The main use-cases for Mustang Finance are:
- Borrow MUST
- 1-click multiply exposure to collateral assets
- Earn yield by depositing MUST in the stability pool or farming elsewhere
- Stake NERI to direct PLI (Protocol Liquidity Incentives) and earn rewards
- Stream MUST as a subscription, salary, grant, or any other kind of payment
To understand Mustang Finance it's helpful to understand Liquity
Liquity V1 was an immutable lending protocol that allowed users to take 0% interest loans on their ETH to receive $LUSD. Over the past 4 years it proved itself resilient in a variety of market conditions.

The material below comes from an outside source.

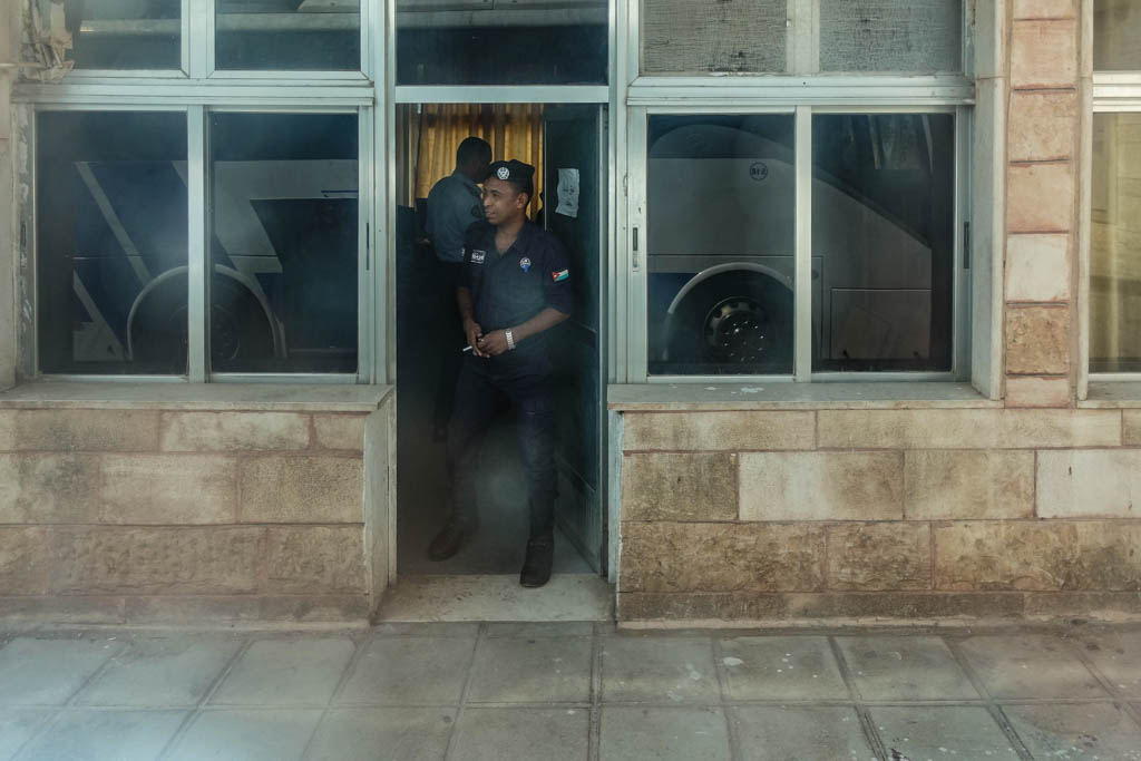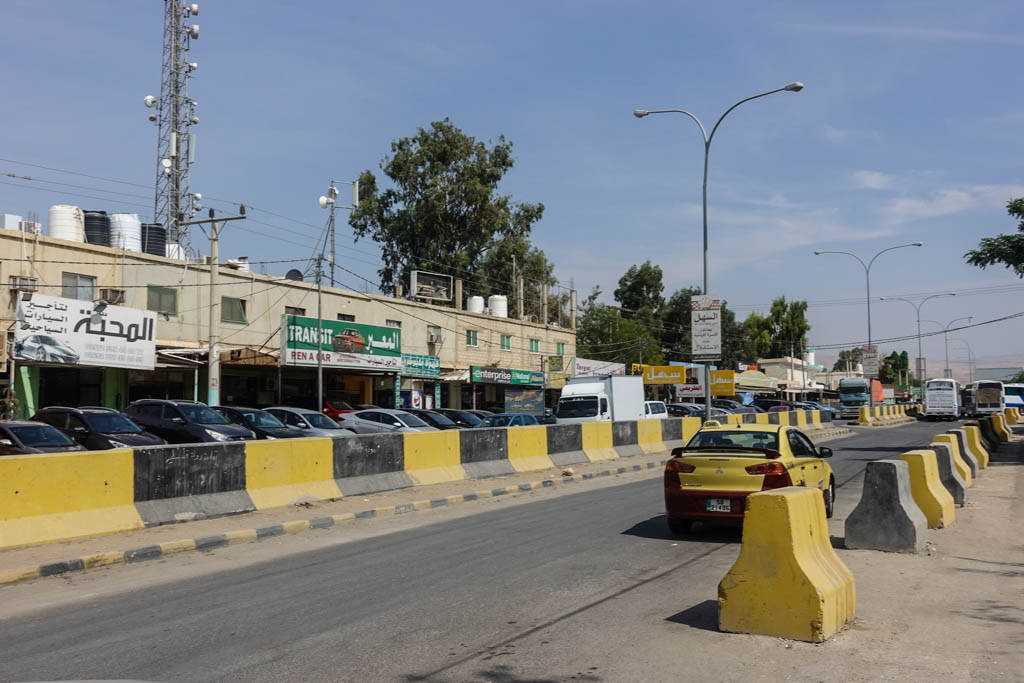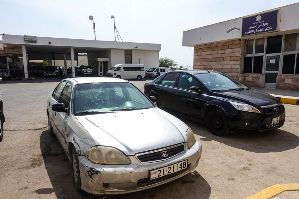 5. Через пару часов после выезда (а никаких не три с половиной) мы подъезжаем к пограничному терминалу Короля Хуссейна. Здесь довольно грязно, а прямо через дорогу от терминала стоят конторы по аренде машин.

Liquity V2 is the next iteration of borrowing, allowing users to set their own interest rate, and use more tokens as collateral.
Liquity V1 vs Liquity V2
Similarities | Differences |
---|---|
Immutability | User-set interest rates – more control over your borrowing cost. |
Decentralized | New collateral types - ETH, rETH, wstETH |
Rigorous Security | Improved redemption mechanism (lowest borrowing rate is redeemed first) |
Redemption of stablecoins for underlying collateral maintains the $1.00 peg no matter what | Troves are now transferable |
ETH Mainnet Only | V1’s code was free and open-sourced (FOSS), while with V2, Liquity will have its code set as a business source license (BUSL) |
Mustang Finance vs Liquity V2
Similarities | Differences |
---|---|
Immutability | ETH Mainnet (Liquity V2) only vs Arbitrum Only (Mustang Finance) |
Decentralization | Additional Collateral: sfrxETH, weETH, tETH, tBTC, COMP, and ARB |
Redemption of stablecoins for underlying collateral maintains the $1.00 peg no matter what | Mustang Finance adds Streaming: MUST can be streamed at any rate using Superfluid. Pay anyone every second. |
Shared Security from Friendly Forks | ARB deposited in the protocol can be delegated by Mustang Finance governance. |
Mustang Finance adds Additional security features to allow for the other features, like debt limits | |
Does Mustang Finance have governance?
Mustang Finance is subject to minimal governance which is solely tasked with distributing Protocol Liquidity Incentives (PIL), directing 25% of the protocol's revenue to external initiatives, delegating ARB, and updating collateral debt limits. Governance can never change the fee split, update protocol parameters, mint new stablecoins, or anything else.